BRIEF DESCRIPTION OF THE DRAWING
The above and related objects, features and advantages of the present invention will be more fully understood by reference to the following detailed description of the presently preferred, albeit illustrative, embodiments of the present invention when taken in conjunction with the accompanying drawing wherein:
FIGS. 1 and 2 are schematic isometric views, partially in section, of a spunmelt nonwoven with a less than 10% bond area, before and after hydroengorgement, respectively;
FIGS. 3 and 4 are schematic isometric views, partially in section, of a spunmelt nonwoven with at least a 10% bond area wherein the pattern of fusion bonds is isotropic, before and after hydroengorgement, respectively;
FIGS. 5 and 6 are schematic isometric views, partially in section, of a spunmelt nonwoven with the same bond area as FIGS. 3 and 4, but wherein the pattern of fusion bonds is anisotropic, before and after hydroengorgement, respectively;
FIG. 7 is a schematic of the apparatus and process used for meltspinning and fusion bonding of a fusion bonded spunmelt nonwoven;
FIGS. 8A and 8B are schematic representations of the apparatus process used in hydroengorging and then drying the fusion bonded spunmelt fabric, using a drum design or a belt design, respectively;
FIG. 9 is a fragmentary isometric schematic of a spunmelt nonwoven having an isotropic pattern of fusion bonds, pre-hydroengorgement;
FIG. 10 is an SEM photograph at 50× magnification of a spunmelt nonwoven having an isotropic pattern of fusion bonds, pre-hydroengorgement;
FIG. 11 is a top plan SEM (scanning electron microscope) photograph at a magnification of 150× of a spunbond nonwoven having an isotropic pattern of fusion bonds, pre-hydroengorgement;
FIG. 12 is a top plan SEM photograph at a magnification of 50× of a spunbond nonwoven having an anisotropic pattern of fusion bonds, pre-hydroengorgement;
FIG. 13 is SEM photograph at 50× magnification of a cross-section of a spunbond nonwoven having an isometric pattern of fusion bonds, pre-hydroengorgement;
FIG. 14 is a SEM photograph at 50× magnification of a cross-section of a spunbond nonwoven having an anisotropic pattern of fusion bonds, pre-hydroengorgement;
FIG. 15 is a top plan SEM photograph at 150× magnification of an spunbond nonwoven having an isotropic pattern of fusion bonds, post-hydroengorgement;
FIG. 16 is an SEM photograph at 50× magnification, partially in section, of a cross-section of a spunbond nonwoven having an isotropic pattern of fusion bonds, post-hydroengorgement;
FIG. 17 is an SEM photograph at 50× magnification, partially in section, of a cross-section of a spunbond nonwoven having an anisotropic pattern of fusion bonds, post-hydroengorgement;
FIG. 18 is a graph showing the effect of the energy used (kilowatt hours per kilogram of fabric) on the percentage loss in tensile strength of the fabric and the percentage gained in thickness (caliper) of the fabric with a preferred window of energy use for hydroengorgement being indicated; and
FIG. 19 is a fragmentary isometric schematic of a laminate including a nonwoven according to the present invention.
DETAILED DESCRIPTION OF THE PREFERRED EMBODIMENTS
The term “hydroengorgement” as used herein and in the claims refers to a process by which hydraulic energy is applied to a nonwoven fabric such that there is a resultant increase in caliper as well as in softness, both relative to the nonwoven fabric prior to hydroengorgement.

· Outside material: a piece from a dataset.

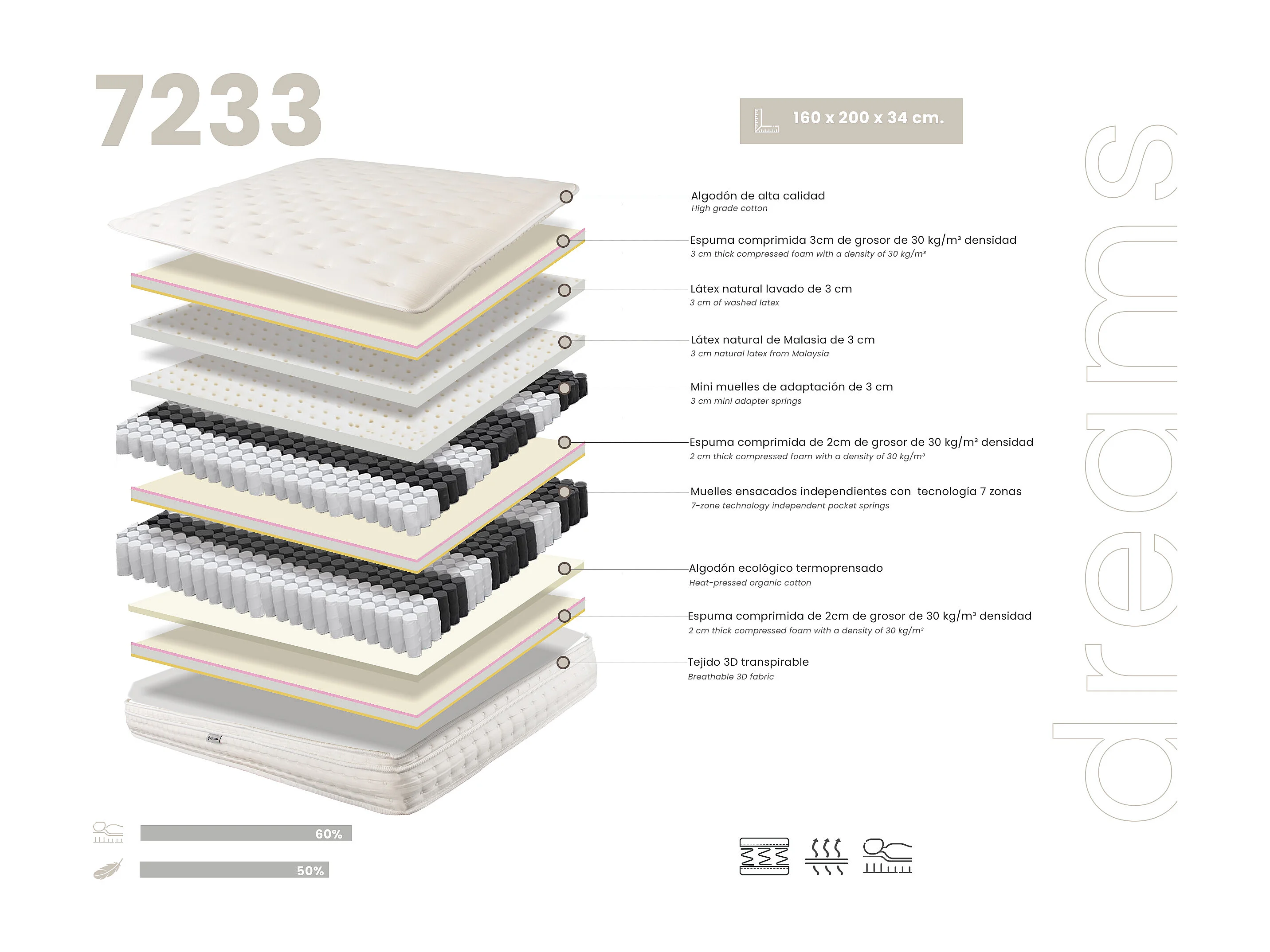 Matelas hybride en latex naturel avec mini ressorts et ressorts ensachés 7 zones 160x200 7233 ANGEL CERDA

Preferably there is an increase of at least 50% in caliper. At the same time, where the nowoven fabric has a pattern of fusion bonds therein, there is generally a decrease in tensile strength due to the hydroengorgement, although the decrease in tensile strength is typically less than that produced by conventional hydroentanglement. Preferably the tensile strength after hydroengorgement is at least 75% of the tensile strength prior to hydroengorgement.
While the hydroengorgement process will, like such other hydraulic processes as hydroentanglement, water needling, and the like, inevitably produce some breakage of the fibers of a nonwoven fabric having a pattern of fusion bonds therein, in the hydroengorgement process such fiber breakage is not a goal of the process since hydroengorgement does not have as a desired function thereof the rotation, encirclement and entwinement of broken fiber ends to produce fiber entanglement. To the contrary, hydroengorgement is concerned with the production of increased caliper and softness (the two in combination typically being referred to herein as “increased bulk”).
While the apparatus used to produce hydroengorgement is, broadly speaking, similar to that conventionally used in hydroentanglement and water needling processes, there are differences in how such apparatus is used as well as the nature of the nowoven upon which it is used. As noted hereinbelow, the spunmelt nonwoven useful in the present invention has either a positive percentage fusion bond area of less than 10% or a percentage fusion bond area of at least 10% wherein the bonding pattern of the fusion bonds is anisotropic.
First, typically the hydroengorgement process will provide on each side of the nonwoven a single row or beam of hydraulic jets generally transverse to (i.e., either normal to or at less than a 45° angle to) the machine direction of the movement of the nowoven. There may be two of the rows on each side of the nonwoven, but a greater number of rows is generally not necessary.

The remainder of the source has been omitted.